Rav Ashi a dit : La contradiction entre une déclaration de Rabbi Yehuda et l’autre déclaration de Rabbi Yehuda n’est pas difficile, car la difficulté peut être résolue d’une autre manière, comme nous l’avons appris dans la michna, selon laquelle les marchés de Jérusalem étaient remplis de farine et de grain grillé. Il est permis de préparer seulement ces aliments avant le omer, car ils ne seront pas consommés sans préparation supplémentaire. Par conséquent, il n’y a pas à craindre que quelqu’un en mange par inadvertance avant que l’offrande du omer ne soit sacrifiée.
הָא דְּרַב אָשֵׁי בְּדוּתָא הִיא: הָתִינַח מִקָּלִי וְאֵילָךְ, מֵעִיקָּרָא עַד קָלִי מַאי אִיכָּא לְמֵימַר?
La Guemara rejette cette interprétation : Cette déclaration de Rav Ashi est une erreur, car cette suggestion peut être facilement réfutée.
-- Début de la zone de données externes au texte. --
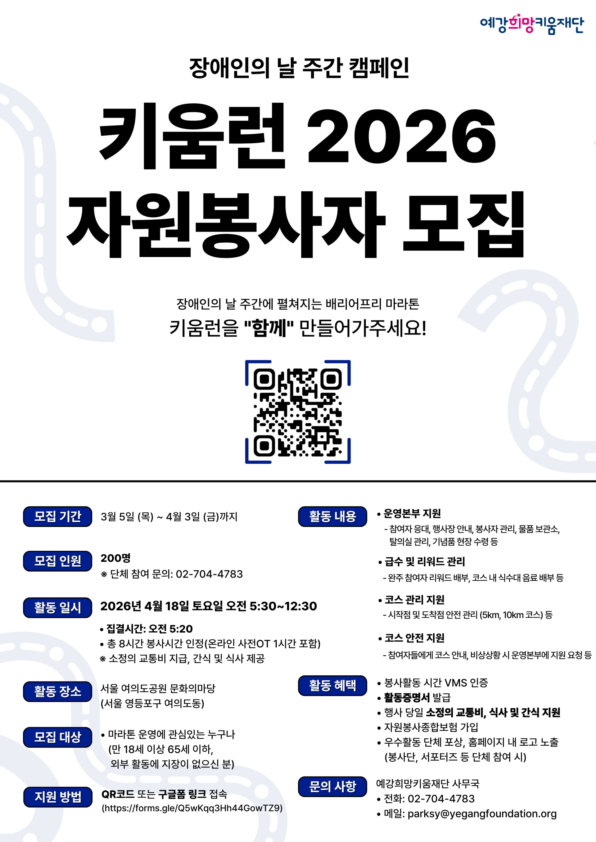 장애인의 날 주간 캠페인 '키움런 2026' 자원봉사자 모집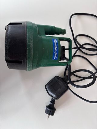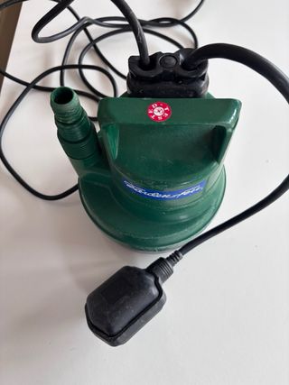 Bomba de agua de la marca Garden-Fer, con flotador y enchufe. - Color verde y negro. - Incluye cable de alimentación. - Diseño compacto.

Cela fonctionne bien en ce qui concerne le statut du grain à partir du moment où le grain a été transformé en farine ou en grain grillé et par la suite, car il n’y a pas à craindre que quelqu’un en vienne à le manger. Cependant, en ce qui concerne son statut au départ jusqu’à ce qu’il devienne grain grillé, que peut-on dire ? Il a nécessairement existé un certain moment où les grains étaient comestibles avant d’être transformés en grain grillé. Pourquoi n’y a-t-il pas de crainte que quelqu’un en vienne à manger le grain à ce stade antérieur ?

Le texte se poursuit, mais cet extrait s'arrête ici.